I deeply believe that Elizabeth Barrett Browning is right: “our daily joy and pain [do] advance to a divine significance,” but it may not happen precisely as we think it might happen. In his Confessions 23.37, on the death of his devout and patient mother St Monica, St Augustine prayed that all her hopes for his life would be fulfilled, and I quote “through my confessions more than through my prayers.” That is a challenging prayer. Certainly, we should pray to the Lord daily; however, it may well be more important to confess our sins to the Lord daily, to be honest with the Lord and with ourselves. Within each of us there is a saint and a sinner; and we need to learn how to recognise when we are being saints and when we are being sinners. Then we can draw closer to God’s “holy mysteries just on the outside of [our] dreams.” It may well be that in this life we cannot reach those holy mysteries, but we can do what Sylvia and I in were urged to do in a Christmas card given to us yesterday by a member of the parish: “Listen for His voice, rest in His love and know all is well in His hands.”

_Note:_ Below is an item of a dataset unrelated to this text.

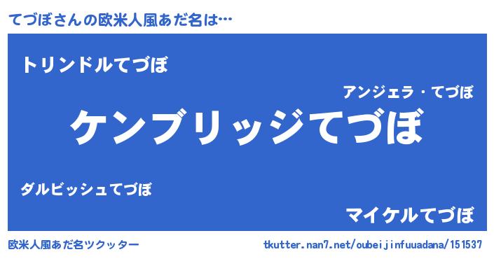 | 男性向けラノベタイトル風あだ名 | 『Re:てづぼから始める異世界生活』 |

I close with the words of St John Chrysostom in his Sermon on the Nativity. That great fourth century preacher, teacher and theologian said:
On this day of Christmas, the Word of God, being truly God, appeared in the form of a man, and turned all adoration to himself and away from competing claims for our attention. To Him, then who through the forest of lies has beaten a clear path for us, to Christ, to the Father, and to the Holy Spirit, we offer all praise, now and for ever. Amen.
St John Chrysostom has captured precisely what unites all of us with those first century wise men and shepherds. We three groups of people from such different ages and cultures have “turned away from competing claims for our attention . . . and turned all adoration [that is, all praise, all worship] . . . to Christ, to the Father, and to the Holy Spirit . . . now and for ever.” So there is no great mystical vision here. Each of us can simply turn “away from competing claims for our attention, and worship the Father, the Son and the Holy Spirit—God is three in one.